For me its Generalized Anxiety Disorder. I was just diagnosed with it less then a year ago and its turned my life into a living hell. All of my likes were turned into dislikes and my dislikes and fears went up in intensity 10 fold and all of that together with weird feelings and urges all ramming into my mind daily like a out of control freight train.

It has left be very fearful of not only myself but others.The doctor put me on something called Clomipramine and its helped alittle but so much is still out of hand. I'd gladly accept any suggestions or advice I can get.

Ask your Dr about Seroquel. It saved my life.

Hmmm. Interesting. Glad I caught this exchange, ladies. I might have some questions.

You may notice my occasional posting about non-essential things? I haven't always been this cool.
 
Hmmm. Interesting. Glad I caught this exchange, ladies.
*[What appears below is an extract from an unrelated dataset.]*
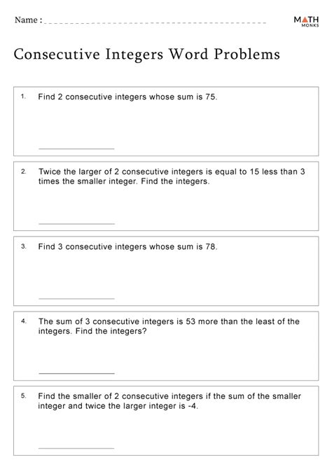 Consecutive Integer Word Problems Worksheets With Answers Pdf. Find two consecutive integers whose sum is 45. Web find two consecutive odd integers.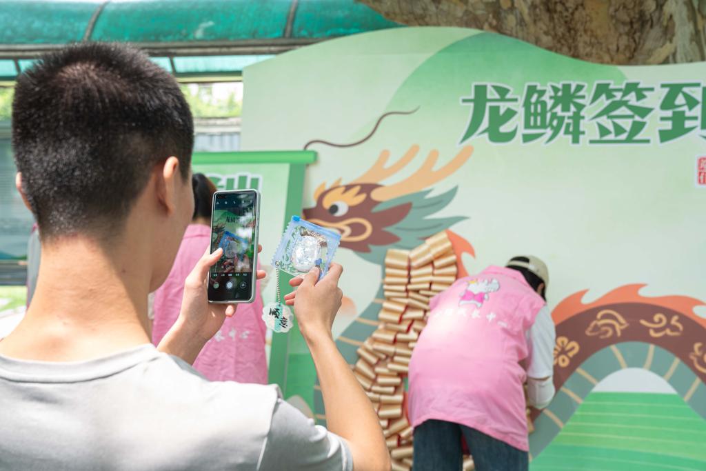 活动现场,师生们用创意重新诠释端午习俗。在“龙鳞千愿·共绘安康”签到区,彩色贴纸拼贴成巨型龙舟,每一片“龙鳞”写满祝福;在“心灵图腾·吧唧工坊”徽章区,参与者将烦恼或心愿写在纸上,制作成随身携带的治愈符号;在“彩缕系心·掌上传情”手链区,五彩绳手链被改造成新潮手机链,一代人有一代人的祈福仪式感;在“潮佩端阳·创意随行”佩带区,“痛包”与端午佩带习俗结合,让端午护佑化作时尚宣言。传统与潮流的碰撞,让文化传承变得“触手可及”。有学生感叹:“原来驱邪避毒的习俗可以这么‘潮’,既解压又有意义!”

I might have some questions.

You may notice my occasional posting about non-essential things? I haven't always been this cool.
ECT awaits you. A little brain-burn always helps. But I'd rather have a full bottle in front of me than a prefrontal lobotomy. YMMV.
 
ECT awaits you. A little brain-burn always helps. But I'd rather have a full bottle in front of me than a prefrontal lobotomy. YMMV.

:eek:My brain burns just fine w/out it. Kinda like that song "Spinning Wheels".

Shit. Thats some brutal, last resort stuff there. I'll get back to you on that matter later. It's an issue close to my heart (or head) these days. I mean, the damage is done.
 
It means allot that you're taking the time to respond to me. I really feel for your sister. Her and I are on the same dark road together with many others. I've learned in my short time dealing with GAD that I'm not alone even though I feel like I am. My doctor told me to try and reach out to people and not to be afraid. She said never feel scared when wanting advice from people do to them possibly having something that might help me somehow.

My prayers and thoughts are with your sister. I know the hell shes going through :(

thank you for the kind thoughts. :)

I'm glad that people can be a bit more open about their mental health.

I grew up with my mum being bipolar and schizophrenic and it was hard and scary as a kid people calling her crazy and saying we would be just like her.

Not that I'm saying it was any easier for her. It wasn't. ECT left her in bad shape.

But in saying that for some it works and makes their life more bearable.